■ PROBLEM REQUIREMENTS ■
Your copy should contain exactly the lines from the start of the material through the line containing "- Đầu hút linh", and no pictures.

[DATA SECTION]

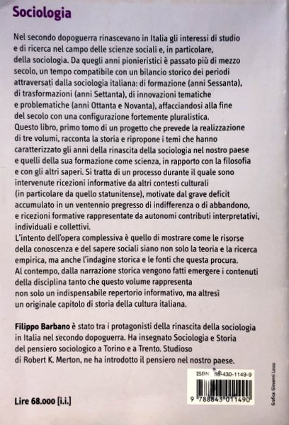 Nel secondo dopoguerra rinascevano in Italia gli interessi di studio e di ricerca nel campo delle scienze sociali e, in particolare, della sociologia. Da quegli anni pionieristici è passato più di mezzo secolo, un tempo compatibile con un bilancio storico dei periodi attraversati dalla sociologia italiana: di formazione (anni Sessanta), di trasformazioni (anni Settanta), di innovazioni tematiche e problematiche (anni Ottanta e Novanta), affacciandosi alla fine del secolo con una configurazione fortemente pluralistica. Questo libro, primo tomo di un progetto che prevede la realizzazione di tre volumi, racconta la storia e ripropone i temi che hanno caratterizzato gli anni della rinascita della sociologia nel nostro paese e quelli della sua formazione come scienza, in rapporto con la filosofia e con gli altri saperi. Si tratta di un processo durante il quale sono intervenute ricezioni informative da altri contesti culturali (in particolare da quello statunitense), motivate dal grave deficit accumulato in un ventennio pregresso di indifferenza o di abbandono, e ricezioni formative rappresentate da autonomi contributi interpretativi,
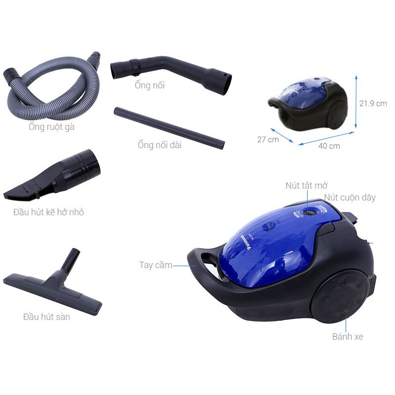 - Đầu hút linh hoạt làm sạch mọi vị trí Máy Hút Bụi Panasonic MC-CG371AN46 sở hữu hai phụ kiện đi kèm là đầu hút khe và đầu hút thảm, giúp thiết bị có thể làm sạch ở bất kỳ vị trí nào dù là sàn cứng hay mềm, gầm giường hay vị trí khó tiếp cận. Bạn có thể linh hoạt thay đổi đầu hút cho thiết bị của mình để hiệu quả dọn dẹp trở nên tối ưu hơn.
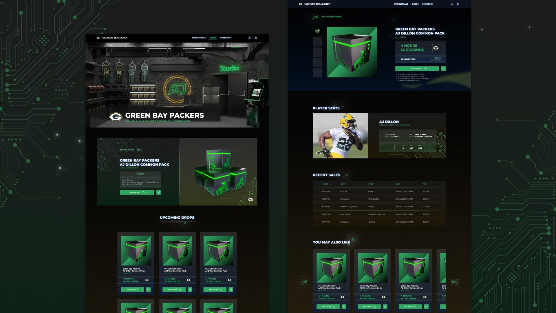 Athlete Studio NFT Landing Page & NFL Team Shop Page (Early Phase)
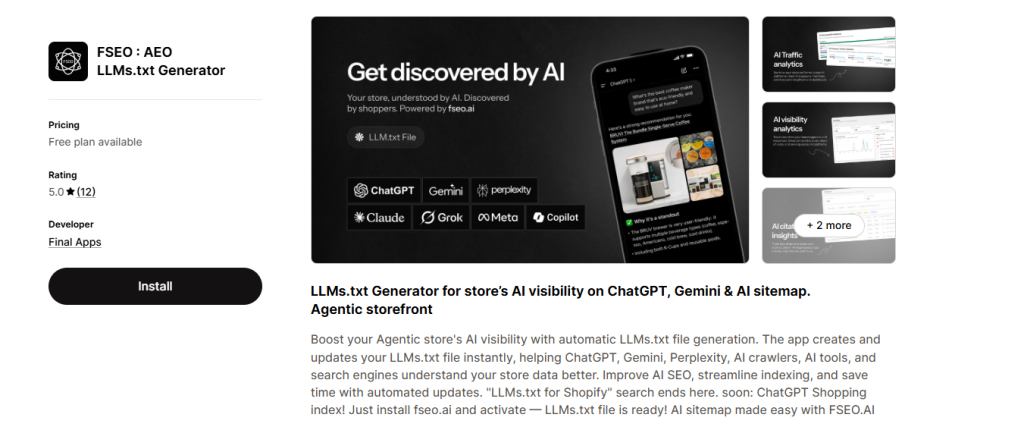 - AI-generated LLMs.txt files so AI crawlers like ChatGPT, Gemini, and other next-gen bots index your store better.

[/DATA SECTION]

■ RESPONSE TO THIS EXERCISE ■
 Nel secondo dopoguerra rinascevano in Italia gli interessi di studio e di ricerca nel campo delle scienze sociali e, in particolare, della sociologia. Da quegli anni pionieristici è passato più di mezzo secolo, un tempo compatibile con un bilancio storico dei periodi attraversati dalla sociologia italiana: di formazione (anni Sessanta), di trasformazioni (anni Settanta), di innovazioni tematiche e problematiche (anni Ottanta e Novanta), affacciandosi alla fine del secolo con una configurazione fortemente pluralistica. Questo libro, primo tomo di un progetto che prevede la realizzazione di tre volumi, racconta la storia e ripropone i temi che hanno caratterizzato gli anni della rinascita della sociologia nel nostro paese e quelli della sua formazione come scienza, in rapporto con la filosofia e con gli altri saperi. Si tratta di un processo durante il quale sono intervenute ricezioni informative da altri contesti culturali (in particolare da quello statunitense), motivate dal grave deficit accumulato in un ventennio pregresso di indifferenza o di abbandono, e ricezioni formative rappresentate da autonomi contributi interpretativi,
 - Đầu hút linh hoạt làm sạch mọi vị trí Máy Hút Bụi Panasonic MC-CG371AN46 sở hữu hai phụ kiện đi kèm là đầu hút khe và đầu hút thảm, giúp thiết bị có thể làm sạch ở bất kỳ vị trí nào dù là sàn cứng hay mềm, gầm giường hay vị trí khó tiếp cận. Bạn có thể linh hoạt thay đổi đầu hút cho thiết bị của mình để hiệu quả dọn dẹp trở nên tối ưu hơn.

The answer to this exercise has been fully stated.